What is needed: The entries below are to be written out exactly, with no images included.

Collected data entries:
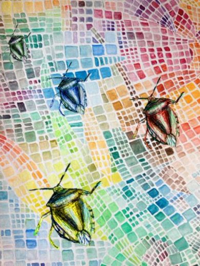 Grüner Schildbürger und brauner Gentleman (2 dreifarbige Zeichnungen, Bearbeitungen, Foto-Collagen)
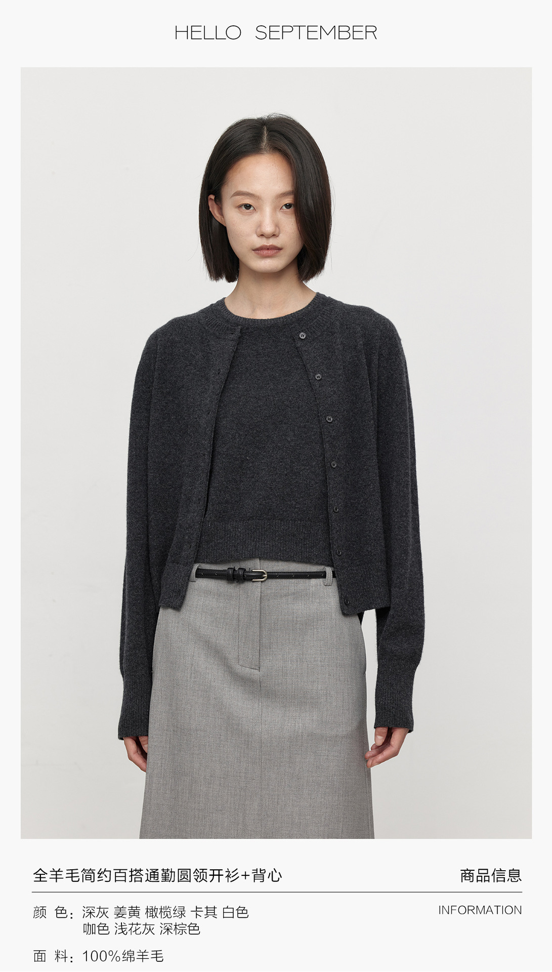 【識幾】순모 피부친화적 부드럽고 심플하며 다용도로 활용 가능한 통근용 라운드넥 숏 올리브 그린 니트 조끼
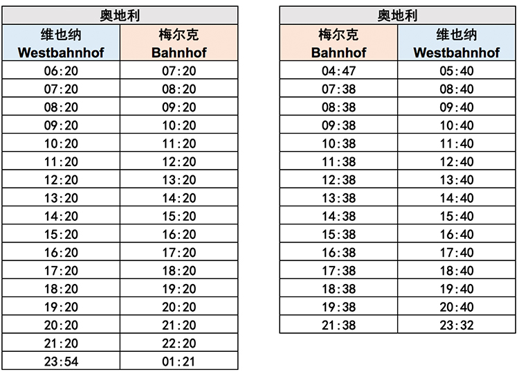【维也纳—梅尔克往返时刻表】如下:
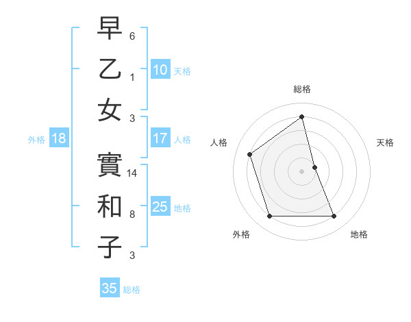 早乙女 實和子さんを姓名の画数から五運を鑑定
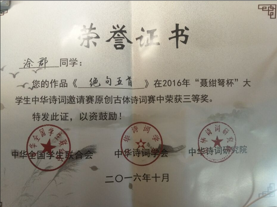 近日,2016年“聂绀弩杯”全国大学生中华诗词邀请赛决赛在华中师范大学隆重举行。经过激烈的角逐,我校化学工程学院制药工程专业2013级学生涂郡作品从全国677件参赛作品中脱颖而出,凭借七言律诗《绝句五首》同来自香港大学、澳门大学、北京师范大学等学校在内的12个原创古体诗词作品进入全国决赛,并荣获三等奖,是唯一理工科专业获奖选手。

Task solution:
 Grüner Schildbürger und brauner Gentleman (2 dreifarbige Zeichnungen, Bearbeitungen, Foto-Collagen)
 【識幾】순모 피부친화적 부드럽고 심플하며 다용도로 활용 가능한 통근용 라운드넥 숏 올리브 그린 니트 조끼
【维也纳—梅尔克往返时刻表】如下:
 早乙女 實和子さんを姓名の画数から五運を鑑定
 近日,2016年“聂绀弩杯”全国大学生中华诗词邀请赛决赛在华中师范大学隆重举行。经过激烈的角逐,我校化学工程学院制药工程专业2013级学生涂郡作品从全国677件参赛作品中脱颖而出,凭借七言律诗《绝句五首》同来自香港大学、澳门大学、北京师范大学等学校在内的12个原创古体诗词作品进入全国决赛,并荣获三等奖,是唯一理工科专业获奖选手。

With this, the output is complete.